What you will do ->
Retype only what runs from the first line of the records to the line with "Відчуйте оптимальне зберігання", inclusive, and no pictures.

Material to process ->
^^^^

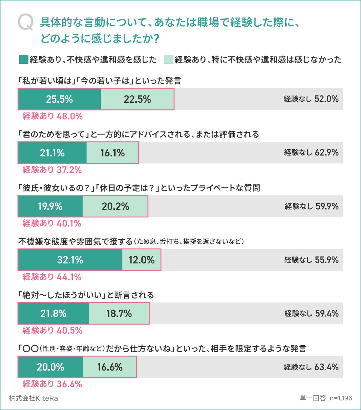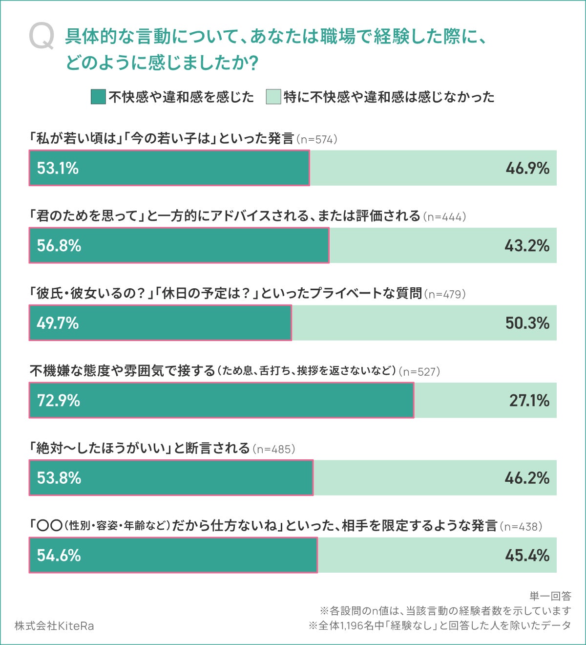 さらに、経験した言動に対して不快感や違和感を感じたかを聞いたところ、「『君のためを思って』と一方的にアドバイスされる、または評価される」を経験した人の56.8%が不快感・違和感を感じ、「『私の若い頃は』『今の若い子は』といった発言」を経験したことのある人の53.1%が不快感・違和感を感じていることが明らかになりました。
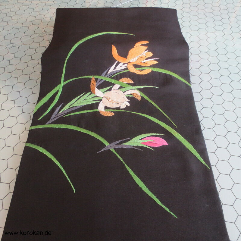 schwarzer Seiden Nagoya Obi, gesticktes Iris Motiv
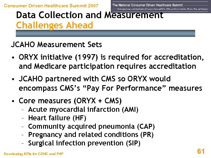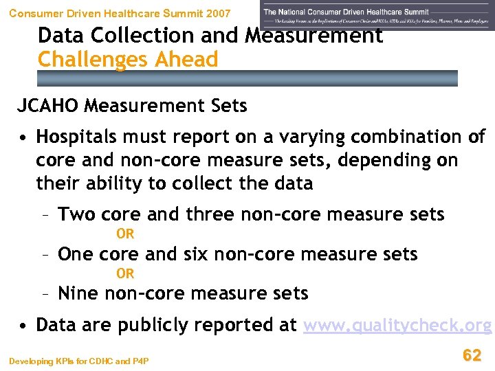 Consumer Driven Healthcare Summit 2007 Data Collection and Measurement Challenges Ahead JCAHO Measurement Sets • ORYX initiative (1997) is required for accreditation, and Medicare participation requires accreditation • JCAHO partnered with CMS so ORYX would encompass CMS’s “Pay For Performance” measures • Core measures (ORYX + CMS) – – – Acute myocardial infarction (AMI) Heart failure (HF) Community acquired pneumonia (CAP) Pregnancy and related conditions (PR) Surgical infection prevention (SIP) Developing KPIs for CDHC and P 4 P 61
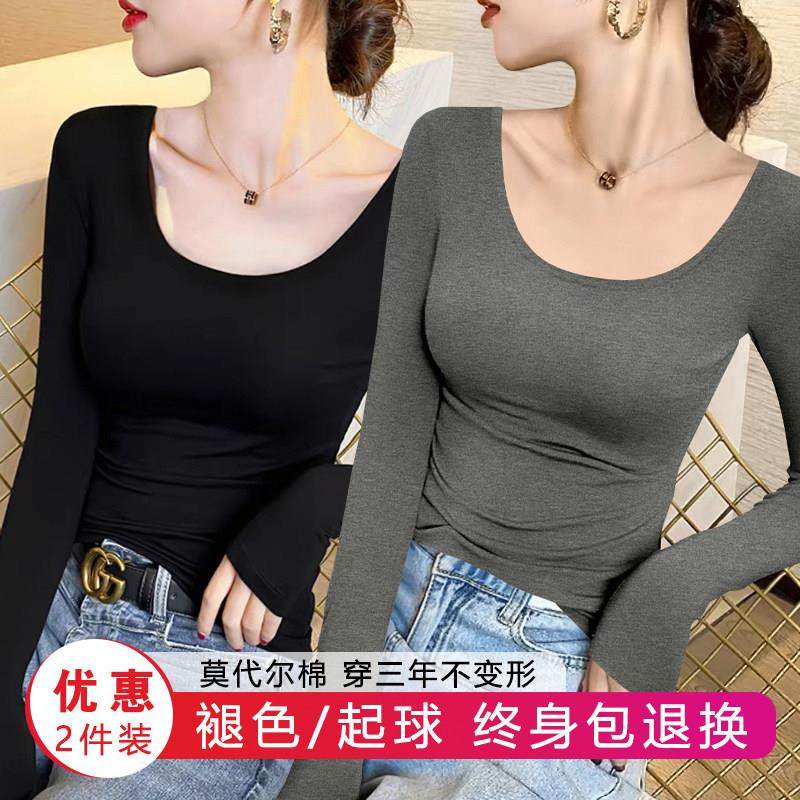 莫代尔低领打底衫女秋冬内搭黑色长袖t恤肌底衣双U领修身薄款上衣
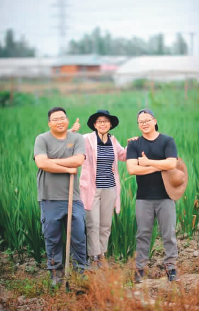 何耀顺(左)和团队成员在佛山贤鲁岛的台湾新农业示范基地耕作。 |
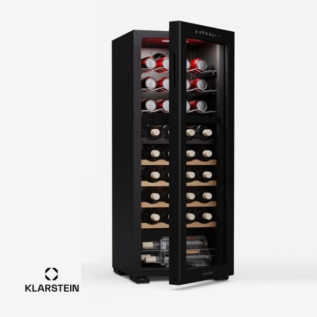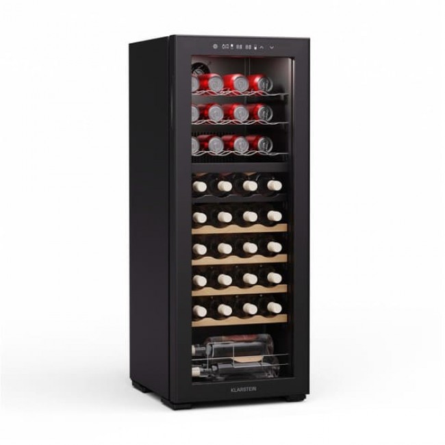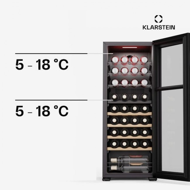 Відчуйте оптимальне зберігання ваших вин та напоїв за допомогою винного холодильника та охолоджувача напоїв Klarstein Bovella 36 Duo+ . Завдяки окремим зонам охолодження ви можете зберігати червоні, білі та ігристі вина за ідеальної температури.
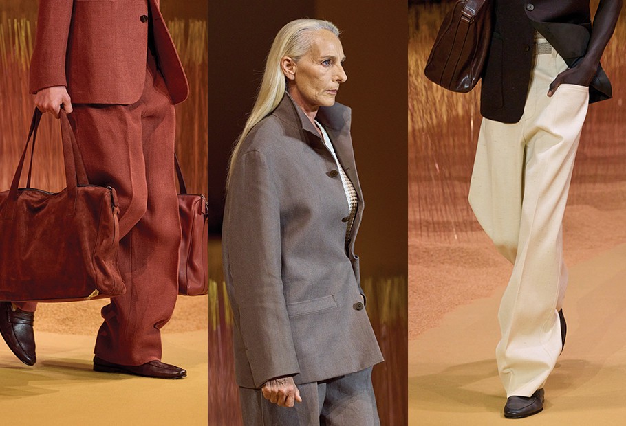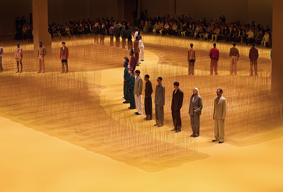 웅장해서 삭막하기까지 하던 쇼장 한복판에 풍성한 황금빛으로 도색한 금속 리넨들이 흔들흔들 게스트를 맞이했다. 알레산드로 사르토리는 늘 이런 방식으로 곧 시작될 쇼에 대한 힌트를 쇼장에 심어둔다. 이번 여름 컬렉션에 제냐의 아이코닉한 오아시 리노(Oasi Lino)가 활약하리라는 예상은 명쾌하게 들어맞았다. 정갈하게 떨어지는 리넨 수트가 오프닝을 열었고, 뒤이어 브라운, 카키, 벽돌색 등 온화하고 진중한 색감의 여름 수트들이 런웨이를 걸어나왔다. 컬렉션 전반의 룩을 톤온톤으로 매치해 이탈리아 브랜드 특유의 세련된 여유로움이 넘쳤다. 오아시 리넨의 고급스럽고 유연한 질감을 살려 직조하거나 뜨개질로 완성한 니트 셔츠를 비롯해 수트, 아우터로도 활용한 노치리스 칼라의 오버셔츠는 편안하게 몸을 감싸며 볼륨감 있는 형태를 완성했다.
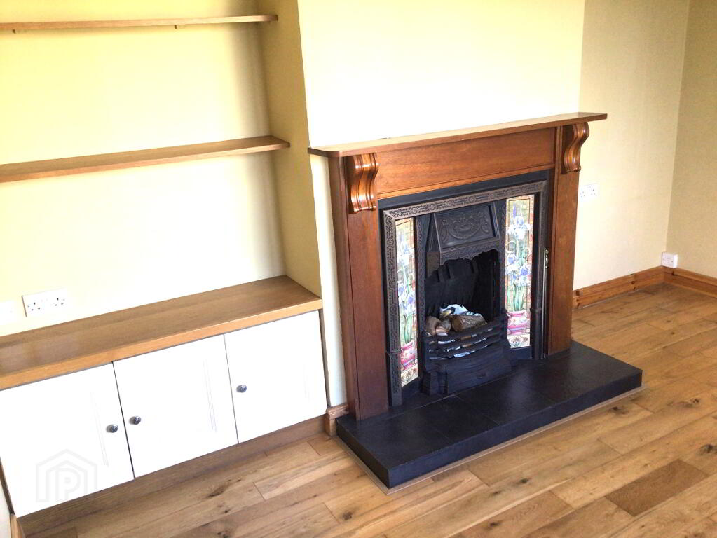 Wooden Flooring. Open fireplace incorporating High-output Back Boiler, with Timber Surround and Tiled Insert and Hearth. Ceiling Cornice. Built in Shelving, Single Panel Radiator.

^^^^

Problem solution ->
 さらに、経験した言動に対して不快感や違和感を感じたかを聞いたところ、「『君のためを思って』と一方的にアドバイスされる、または評価される」を経験した人の56.8%が不快感・違和感を感じ、「『私の若い頃は』『今の若い子は』といった発言」を経験したことのある人の53.1%が不快感・違和感を感じていることが明らかになりました。
 schwarzer Seiden Nagoya Obi, gesticktes Iris Motiv
 Consumer Driven Healthcare Summit 2007 Data Collection and Measurement Challenges Ahead JCAHO Measurement Sets • ORYX initiative (1997) is required for accreditation, and Medicare participation requires accreditation • JCAHO partnered with CMS so ORYX would encompass CMS’s “Pay For Performance” measures • Core measures (ORYX + CMS) – – – Acute myocardial infarction (AMI) Heart failure (HF) Community acquired pneumonia (CAP) Pregnancy and related conditions (PR) Surgical infection prevention (SIP) Developing KPIs for CDHC and P 4 P 61
 莫代尔低领打底衫女秋冬内搭黑色长袖t恤肌底衣双U领修身薄款上衣
 何耀顺(左)和团队成员在佛山贤鲁岛的台湾新农业示范基地耕作。 |
 Відчуйте оптимальне зберігання ваших вин та напоїв за допомогою винного холодильника та охолоджувача напоїв Klarstein Bovella 36 Duo+ . Завдяки окремим зонам охолодження ви можете зберігати червоні, білі та ігристі вина за ідеальної температури.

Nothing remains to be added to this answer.